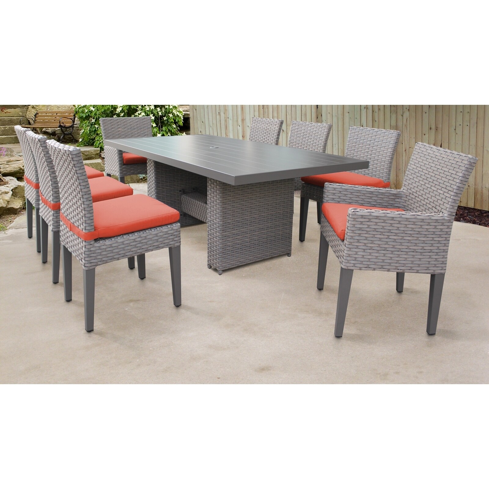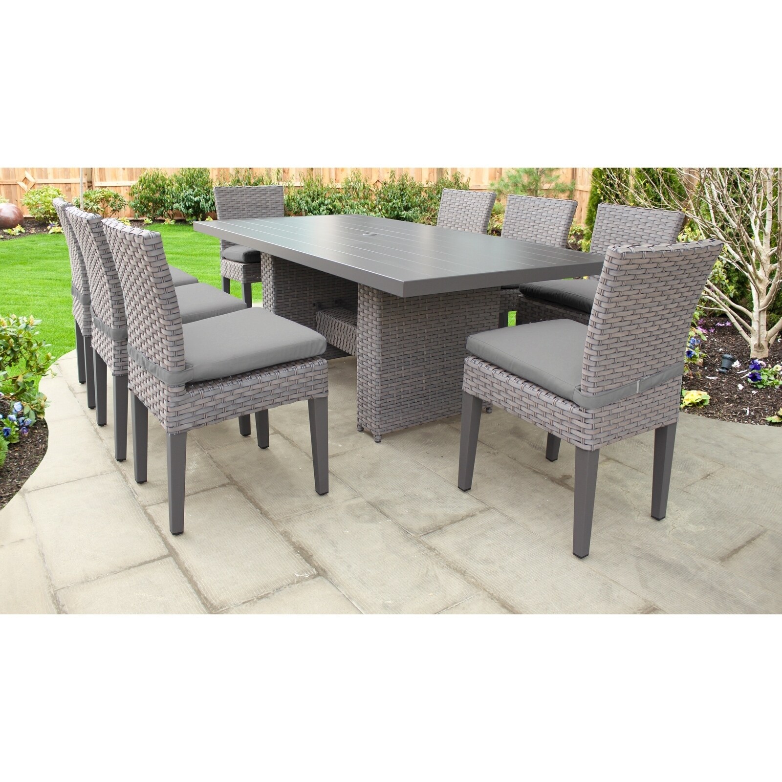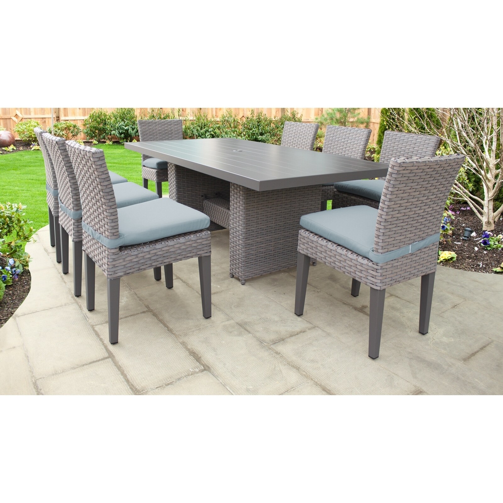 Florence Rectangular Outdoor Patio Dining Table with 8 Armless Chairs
____
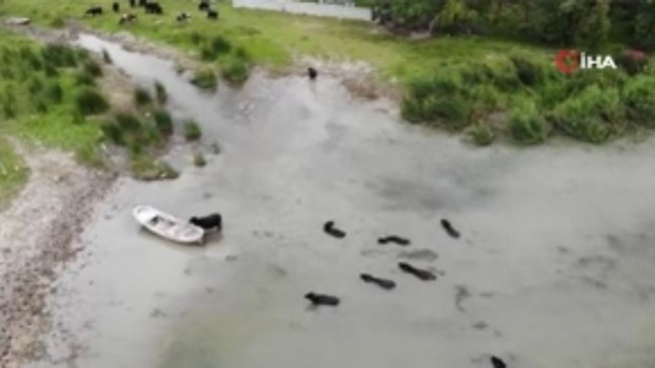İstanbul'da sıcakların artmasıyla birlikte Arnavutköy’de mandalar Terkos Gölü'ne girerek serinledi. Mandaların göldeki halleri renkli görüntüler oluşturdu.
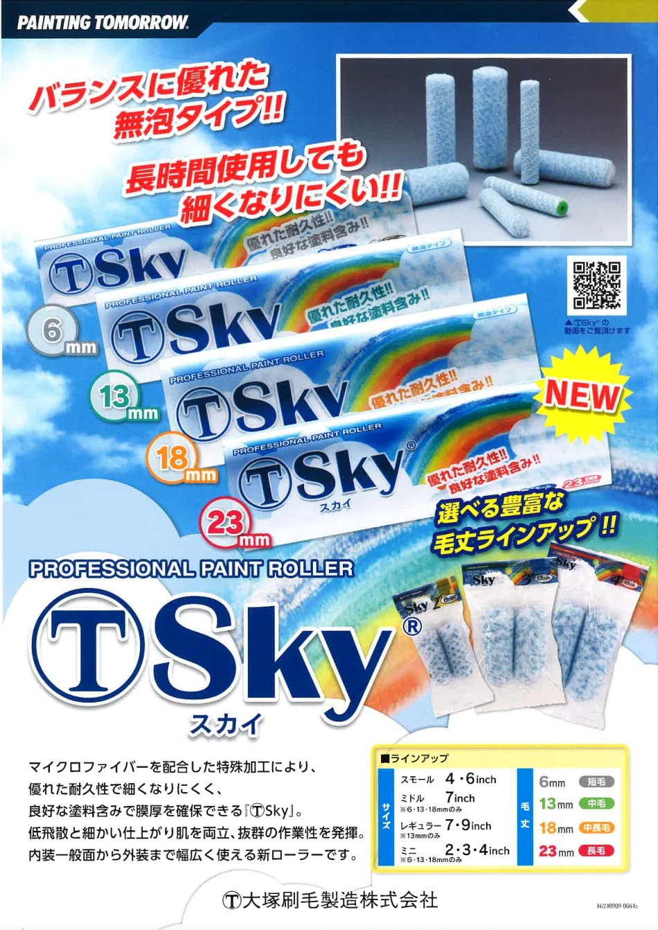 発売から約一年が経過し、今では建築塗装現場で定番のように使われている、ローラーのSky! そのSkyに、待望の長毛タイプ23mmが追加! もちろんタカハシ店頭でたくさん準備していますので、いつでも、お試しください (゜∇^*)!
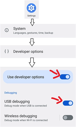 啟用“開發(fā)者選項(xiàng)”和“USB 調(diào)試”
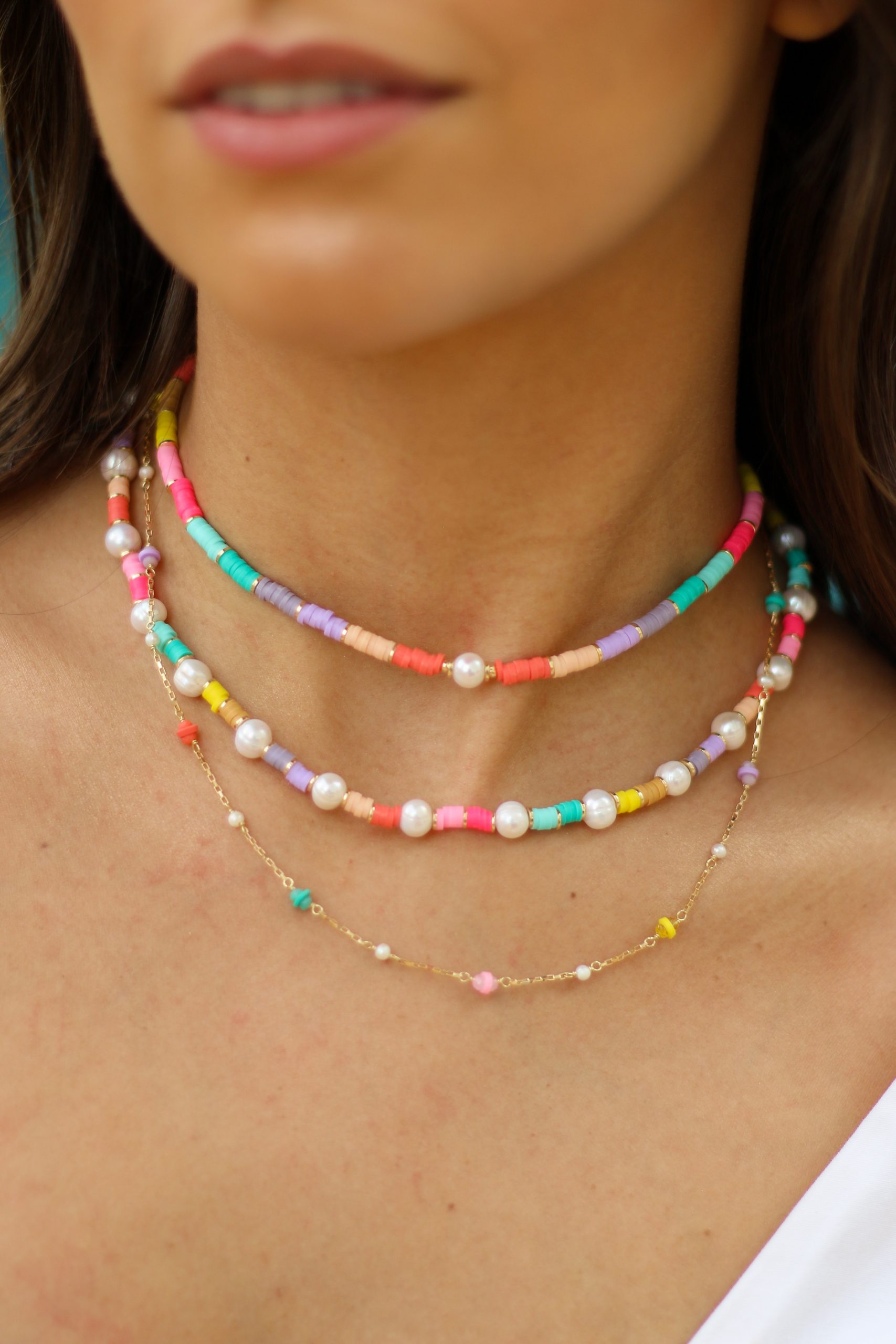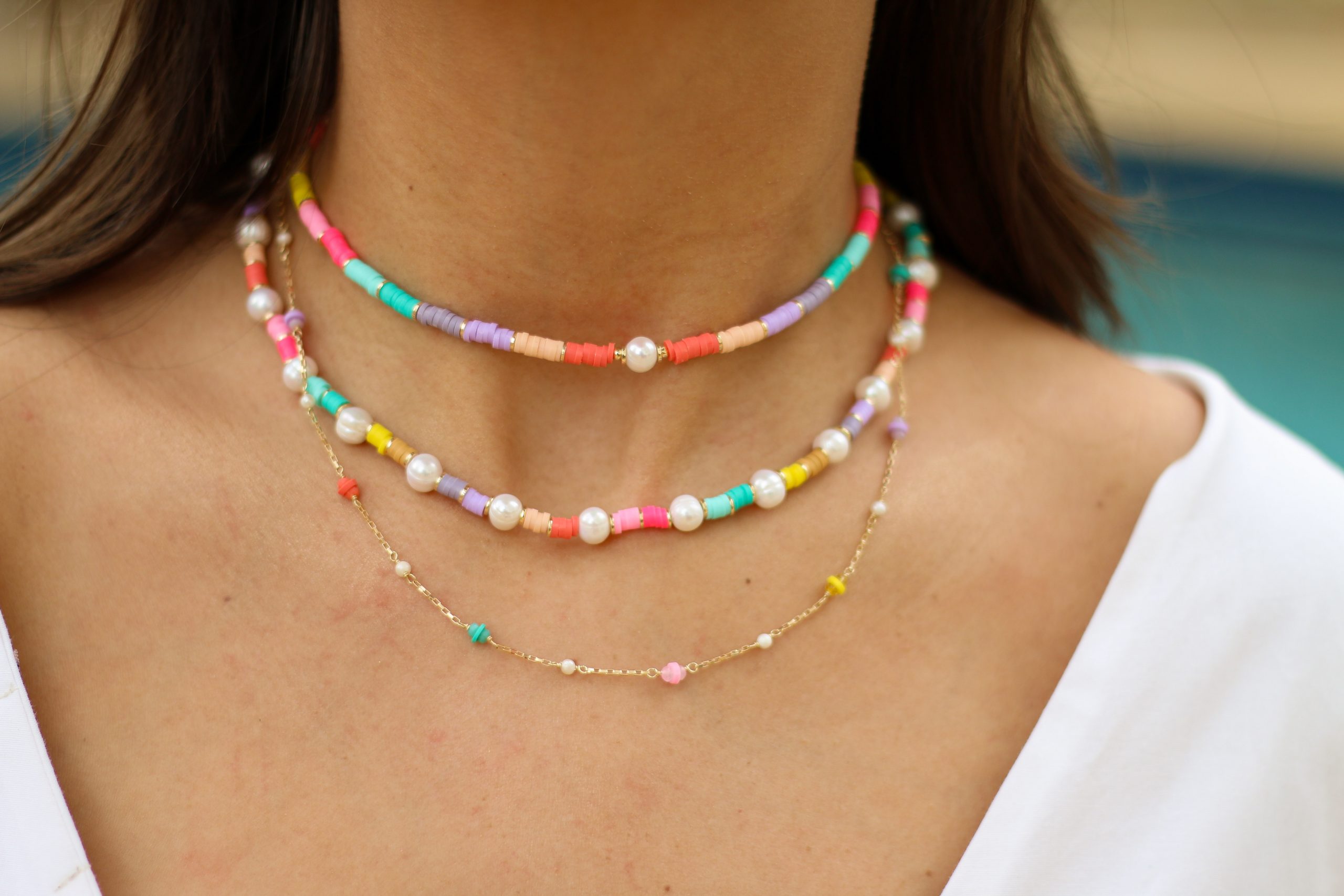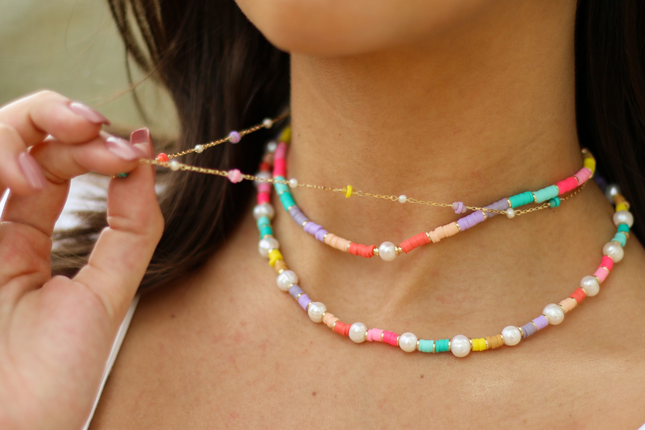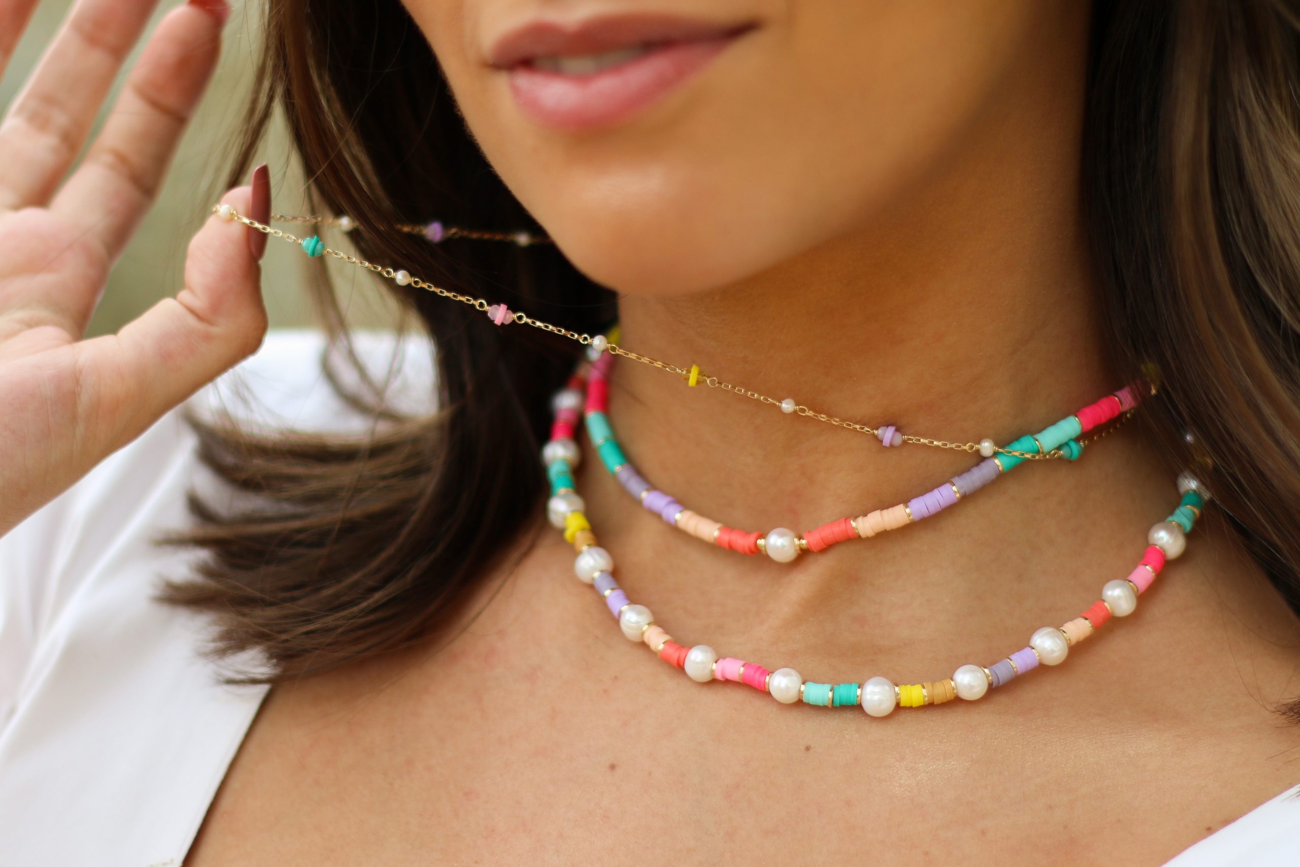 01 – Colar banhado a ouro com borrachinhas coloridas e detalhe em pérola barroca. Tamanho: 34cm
____
#### Assignment:
Start at the line above containing "İstanbul'da sıcakların artmasıyla" and stop at the line containing "01 – Colar banhado": print those lines and everything between them exactly, but not the pictures.

#### Output of the task:
İstanbul'da sıcakların artmasıyla birlikte Arnavutköy’de mandalar Terkos Gölü'ne girerek serinledi. Mandaların göldeki halleri renkli görüntüler oluşturdu.
 発売から約一年が経過し、今では建築塗装現場で定番のように使われている、ローラーのSky! そのSkyに、待望の長毛タイプ23mmが追加! もちろんタカハシ店頭でたくさん準備していますので、いつでも、お試しください (゜∇^*)!
 啟用“開發(fā)者選項(xiàng)”和“USB 調(diào)試”
 01 – Colar banhado a ouro com borrachinhas coloridas e detalhe em pérola barroca. Tamanho: 34cm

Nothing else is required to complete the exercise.